-- Task statement --
Take the lines below from the one with "Bracelet versions £1120" through the one with "今日はことり組とはな組が保護" and retype them exactly. Include nothing else, and no pictures.

-- Dataset records --
----------
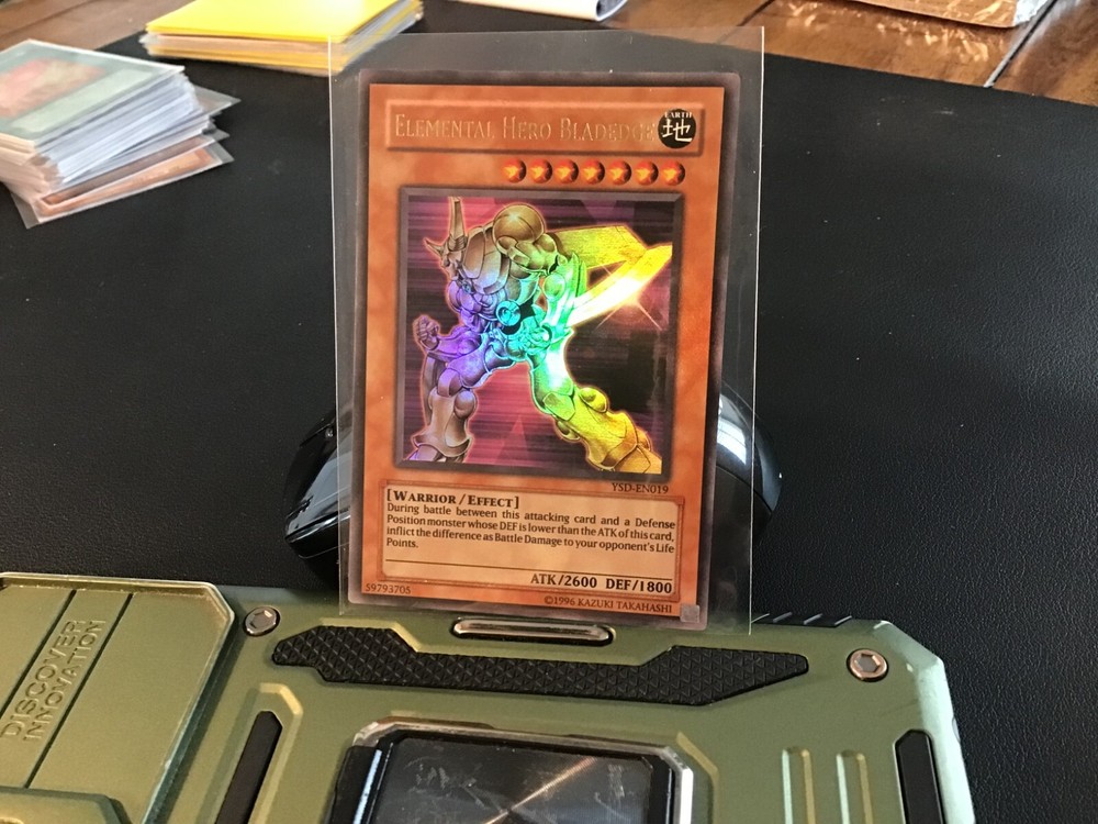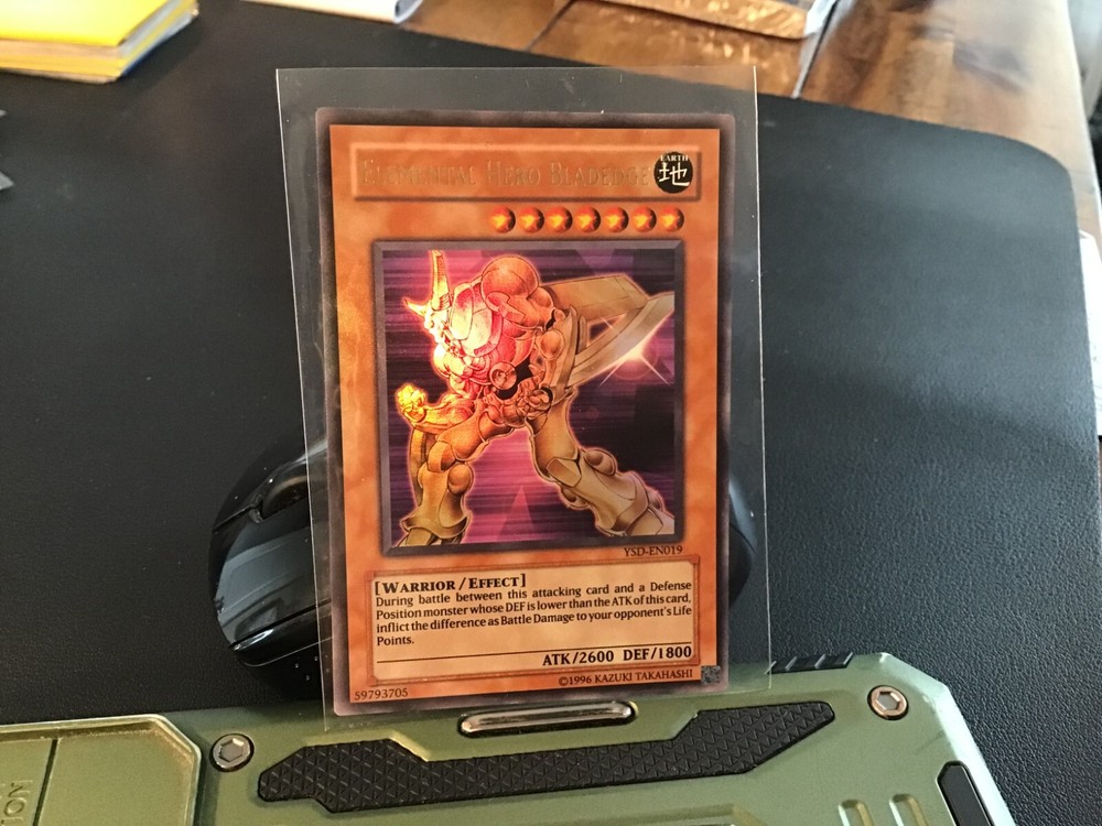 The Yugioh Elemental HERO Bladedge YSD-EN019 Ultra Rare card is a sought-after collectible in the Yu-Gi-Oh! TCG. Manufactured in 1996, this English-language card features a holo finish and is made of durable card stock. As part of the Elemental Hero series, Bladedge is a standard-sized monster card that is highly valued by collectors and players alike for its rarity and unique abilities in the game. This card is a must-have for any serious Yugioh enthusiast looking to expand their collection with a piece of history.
----------
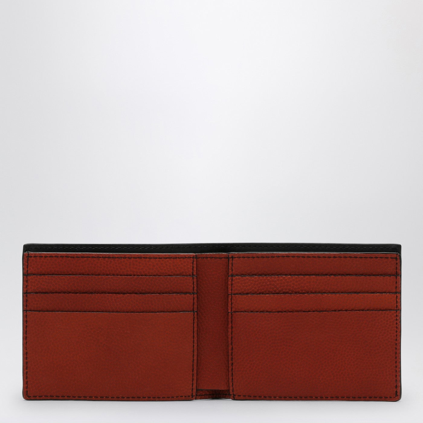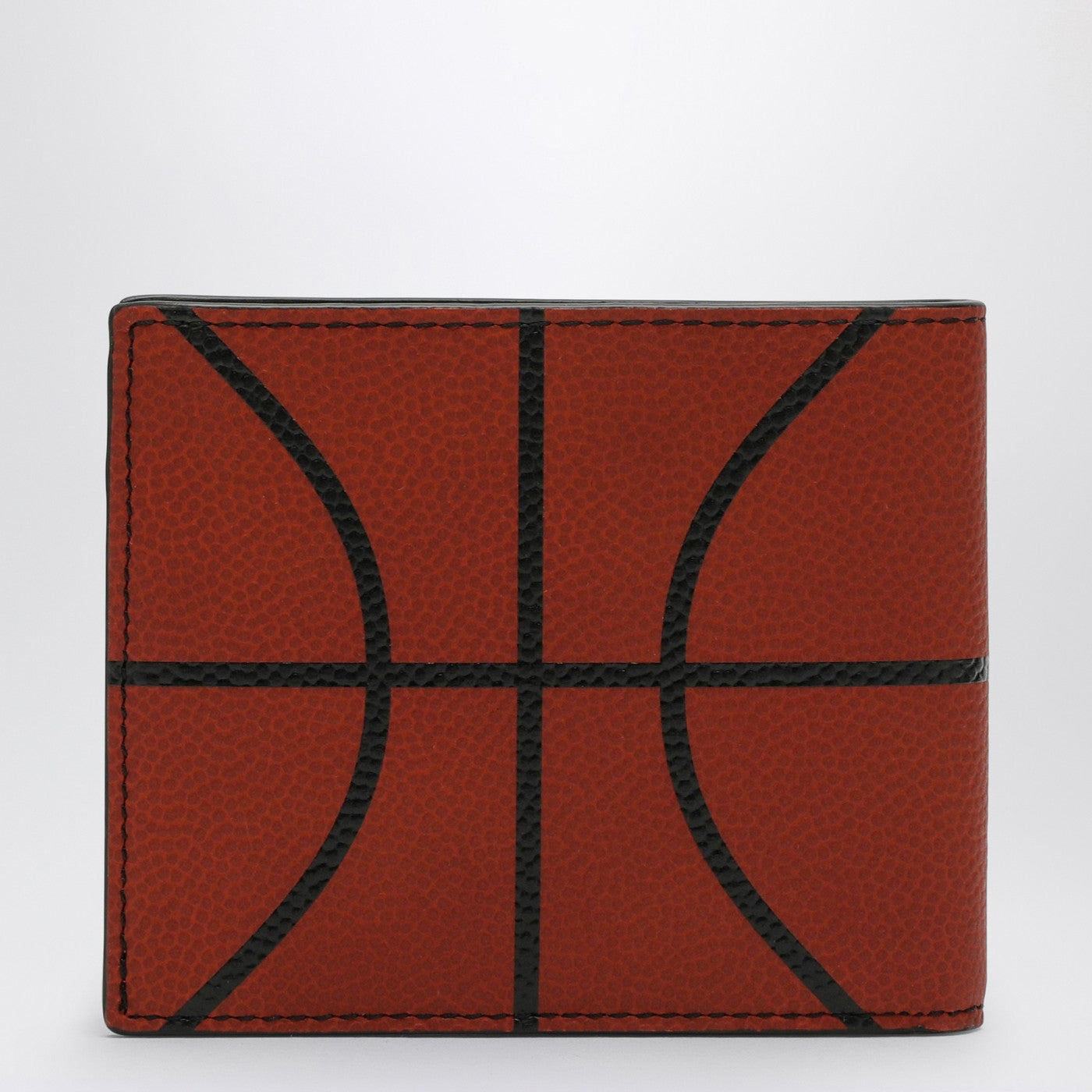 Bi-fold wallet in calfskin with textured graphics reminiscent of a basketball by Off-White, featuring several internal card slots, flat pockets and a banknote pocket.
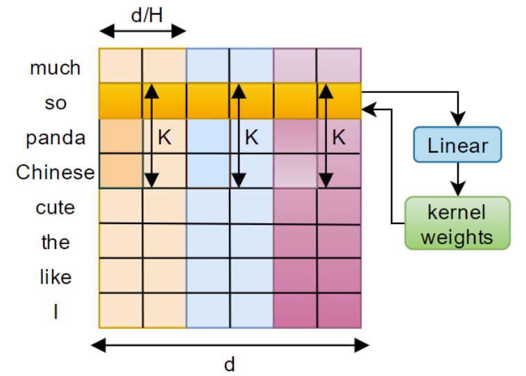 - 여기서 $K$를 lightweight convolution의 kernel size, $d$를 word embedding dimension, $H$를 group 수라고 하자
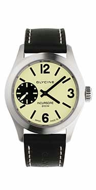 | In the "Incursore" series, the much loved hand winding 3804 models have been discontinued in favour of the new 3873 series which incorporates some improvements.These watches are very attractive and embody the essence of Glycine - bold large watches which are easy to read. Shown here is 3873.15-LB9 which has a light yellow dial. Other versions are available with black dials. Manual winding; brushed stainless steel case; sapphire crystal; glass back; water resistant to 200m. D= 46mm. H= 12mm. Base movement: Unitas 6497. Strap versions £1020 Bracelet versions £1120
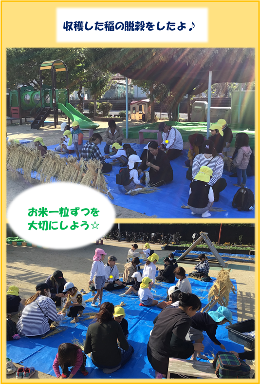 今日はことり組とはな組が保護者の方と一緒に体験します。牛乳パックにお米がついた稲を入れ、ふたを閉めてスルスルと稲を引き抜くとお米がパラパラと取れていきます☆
----------
-- Result of this task --
 | In the "Incursore" series, the much loved hand winding 3804 models have been discontinued in favour of the new 3873 series which incorporates some improvements.These watches are very attractive and embody the essence of Glycine - bold large watches which are easy to read. Shown here is 3873.15-LB9 which has a light yellow dial. Other versions are available with black dials. Manual winding; brushed stainless steel case; sapphire crystal; glass back; water resistant to 200m. D= 46mm. H= 12mm. Base movement: Unitas 6497. Strap versions £1020 Bracelet versions £1120
 今日はことり組とはな組が保護者の方と一緒に体験します。牛乳パックにお米がついた稲を入れ、ふたを閉めてスルスルと稲を引き抜くとお米がパラパラと取れていきます☆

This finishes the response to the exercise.